NYLEAF
Well-known member
theaveng said:Yep. When I testdrove a Leaf yesterday I couldn't help noticing they advertised 96 - 110 mile range on the window. Even new that's unlikely and after just 20,000 miles the battery will have degraded to the point it's impossible. Nissan is deliberately misleading the public & breaking the law. (They should only advertise the EPA rating/range.)WetEV said:The Leaf's battery life issue is one that was known before the car was sold. The problem isn't with the car, or the battery, it is with the sales and advertising. Nissan is blowing this big time.
That 96/110 figure you saw is the EPA's "MPG-equivalent" rating for the Leaf, similar to how a gas-powered car would have MPG figures on the window sticker. That is not the EPA's range estimate for the Leaf, which is 73 miles. Even when the pack is significantly (whatever that means!) degraded, the car will still return these MPGe values.

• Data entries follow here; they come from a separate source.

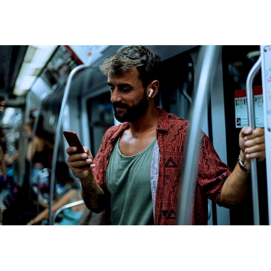 Reálné ANC si asi nepředstavíš, ale rozhodně hned poznáš jeho přínos. Dokonale totiž potlačí okolní hluk, a to díky 2 speciálním mikrofonům v každým sluchátku a bez zkreslení zvuku. Nákupy nebo chůze přes přechod jsou chvíle, kdy je lepší vnímat okolí, proto si aktivuj Transparency mode, který se o to postará. Mód propustnosti zesílí mikrofony, můžeš tak slyšet dění kolem a klidně komunikovat s okolím. K dokonale čistýmu zvuku přispívají i kodeky AAC a SBC.
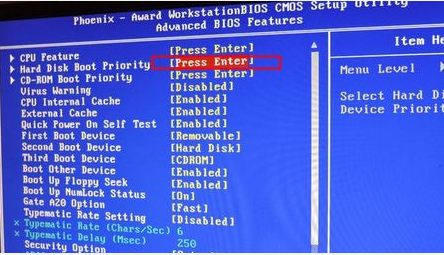 4、接着按↓方向键选择“Hard Disk Boot Priority”回车。
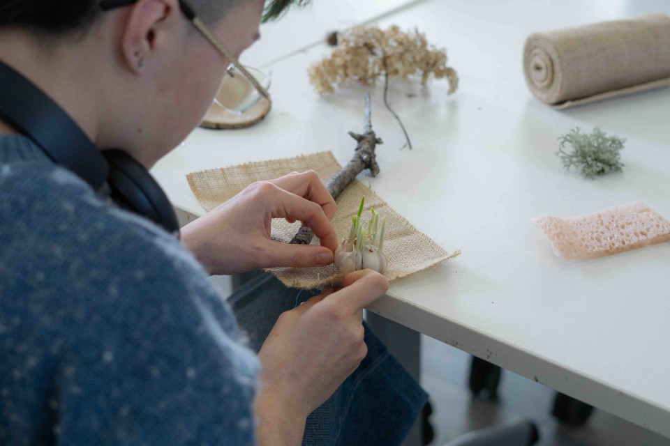 Durant ce workshop au rythme soutenu, les étudiant•es ont exploré différentes manières d’entrer en relation avec le vivant : épluchage, tressage, assemblage, juxtaposition avec des matériaux industriels. Iels ont ainsi pu éprouver leur capacité à accepter l’instabilité de la matière, la décoloration, la fragilité, l’altération, le dépérissement comme partie intégrante du processus.
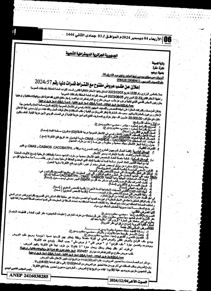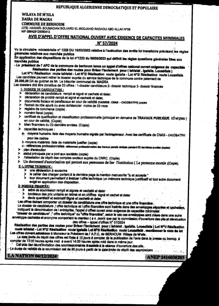 إعلان عن طلب عروض مفتوح 2024/57 بلدية برهوم
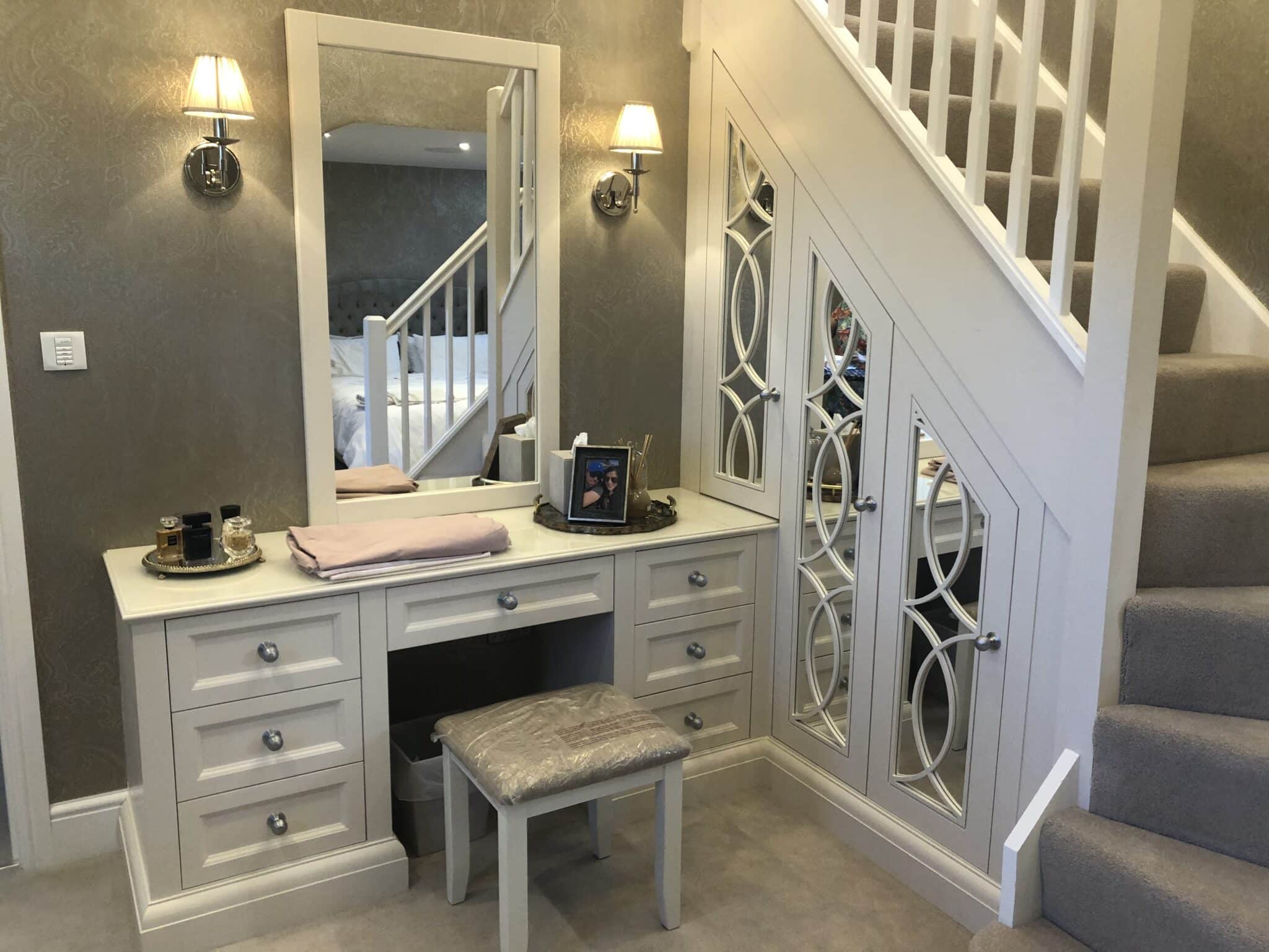 Bespoke wardrobes, beautifully designed and built to our specification. Installed with real care and attention to every little detail. The end result looks fabulous.
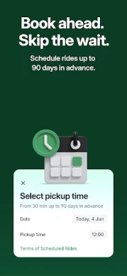 Need an airport transfer or an early morning ride? You can schedule your trip in advance from 30 minutes to 90 days before your expected pickup time.
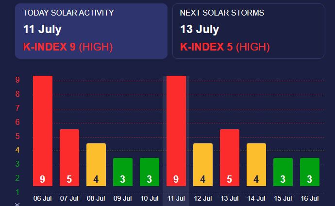 Зокрема, на порталі MeteoAgent, який вираховує магнітну активність, загальні показники для Землі становили 9 балів для 6 липня, а також на сьогодні, 11 липня, по К-індекс дійшов позначки "5" 7 липня, а також очікується 13 липня. Показники 4 можна було побачити 8 липня.

The problem is that, before the Leaf was in customer's hands, Nissan frequently threw around the "100 miles per charge" claim, as well as all of their claims about capacity loss in 5 and 10 years. The 100 miles per charge figure was based on the L4A test cycle, which produces a range estimate that isn't all that realistic. The 2-cycle test that the 2011/2012 Leaf underwent resulted in a 73 mile range estimate, which is more realistic. The EPA now uses a 5-cycle test, which the Leaf has not get undergone. The Tesla Model S (85kWh version), for example, was rated at 265 miles on the 5-cycle test. Comparing all of these different range estimates is like comparing apples to oranges, at least until all the cars are being given the same test!